AI That Accompanies Without Replacing
The important question is no longer whether artificial intelligence will enter education. It already has. The question is what kind of relationship we will build with it.
We can design technology that produces increasingly fast answers, or technology that returns questions, hints, and alternative perspectives. The first removes friction. The second turns friction into learning. Both may look useful while a task is underway, but they do not produce the same result once the tool disappears.
This distinction is at the heart of GRAVYA: intelligence responds; judgment is formed.
Performance is not the same as learning
A randomized trial published in the Proceedings of the National Academy of Sciences worked with nearly one thousand high school students in Turkey across four mathematics sessions. It compared three conditions: standard learning materials, a ChatGPT-like interface, and a GPT-4 tutor with pedagogical safeguards designed with teachers.
While AI was available, the results looked remarkable. The open-interface group improved its assisted-practice performance by 48% relative to the control group; the safeguarded tutor group improved by 127%. But on a later exam completed without AI, students with open access performed 17% worse than students who had never used the tool. In the safeguarded-tutor group, that harm disappeared, although the researchers did not find a significant positive effect on the independent exam.
The lesson is not that AI inevitably damages learning. It is more precise: an aid that maximizes the immediate result can weaken the acquisition of the ability that result is supposed to represent. Design matters. Giving away the solution and accompanying the reasoning are not equivalent.
The study also suggested a mechanism. Students tended to use the open version as a crutch, requesting and copying solutions, while students using the protected tutor asked for help and attempted answers independently. They also appeared unaware of the learning loss. Ease can create a dangerous illusion: confusing fluency with mastery.
Positive evidence also has a human condition
Other experiments show that AI can expand learning when it occupies a supporting role.
In Nigeria, a World Bank randomized trial evaluated a six-week after-school program combining generative tutoring with teacher guidance. The overall effect was 0.31 standard deviations, a magnitude the authors compare with roughly 1.5 to 2 years of typical learning. This was not an isolated conversation between a student and a machine. It involved structured sessions, present teachers, and defined pedagogical goals.
Tutor CoPilot offers another signal. In a trial involving human tutors and students from historically underserved communities, students working with AI-assisted tutors were four percentage points more likely to master mathematics topics. Among initially lower-rated tutors, the difference was nine points. The system did not replace the tutor; it suggested guiding questions, examples, and strategies. Its greatest value appeared where AI helped a person practice their craft more effectively.
These findings do not justify universal promises. The contexts, ages, subjects, and intervention lengths differ. They do support a strong design hypothesis: educational AI works best when it increases the capacity of the human guide and protects the learner’s cognitive activity.
Five boundaries that turn an answer into learning
An AI system aligned with GRAVYA should:
- Ask before solving. Check what the learner understands and where the reasoning breaks down.
- Offer graduated hints. Provide the minimum help needed so the next operation remains human.
- Require retrieval. After an explanation, remove the support and ask the learner to rebuild the idea in their own words.
- Show uncertainty and sources. Separate what is verified, what is inferred, and what still requires checking.
- Return the decision. The tool proposes; the person compares, chooses, and accepts responsibility for the consequences.
UNESCO has called for a human-centered, safe, equitable, and meaningful approach to generative AI in education. That orientation cannot be solved by placing an ethical statement at the beginning of a project.
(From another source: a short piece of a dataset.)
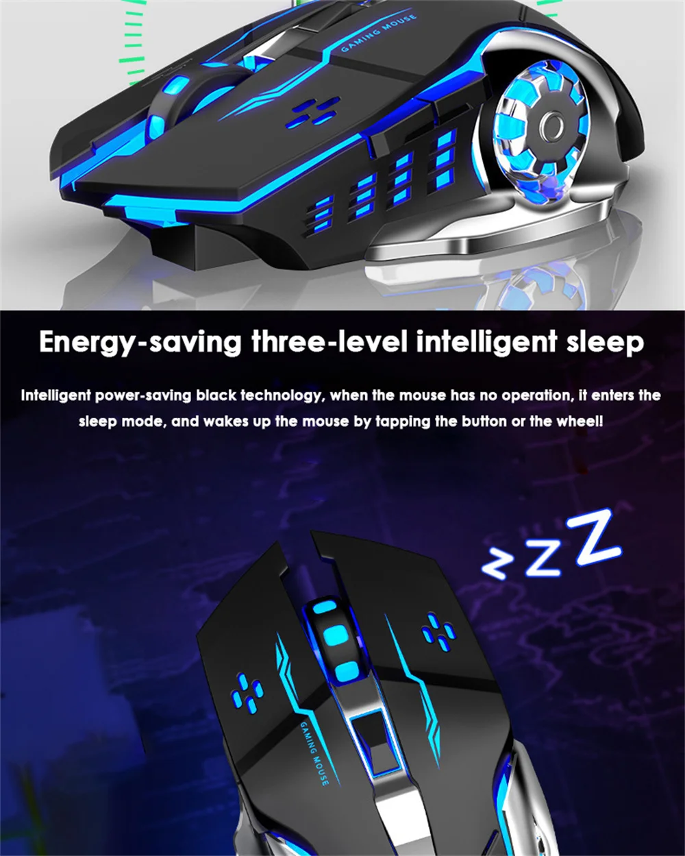 Tecnología negra inteligente que ahorra energía, entra en modo de suspensión cuando el ratón no esté funcionando, toca la tecla o rueda de desplazamiento para despertar el ratón.

It must appear in the interface, the rhythm of the conversation, what the tool refuses to do, and the way it returns agency to the learner.
The GRAVYA position
GRAVYA does not propose withdrawing from artificial intelligence. It proposes inhabiting it with judgment.
AI can widen the field of questions, offer contrast, adapt an explanation, or help a teacher notice patterns. But it should not appropriate the moment in which a person names a doubt, stays with uncertainty, attempts a response, and decides what they think.
That moment is not a delay to automate. It is where learning happens.
Question for the community: Does your AI tool help you understand more deeply, or does it simply help you finish sooner?
References
- Bastani, H. et al. (2025). Generative AI without guardrails can harm learning: Evidence from high school mathematics. PNAS.
- De Simone, M. E. et al. (2025). From Chalkboards to Chatbots: Evaluating the Impact of Generative AI on Learning Outcomes in Nigeria. World Bank Policy Research Working Paper 11125.
- Wang, R. E. et al. (2025). Tutor CoPilot: A Human-AI Approach for Scaling Real-Time Expertise. Stanford SCALE Initiative.
- UNESCO (2023, updated 2026). Guidance for generative AI in education and research.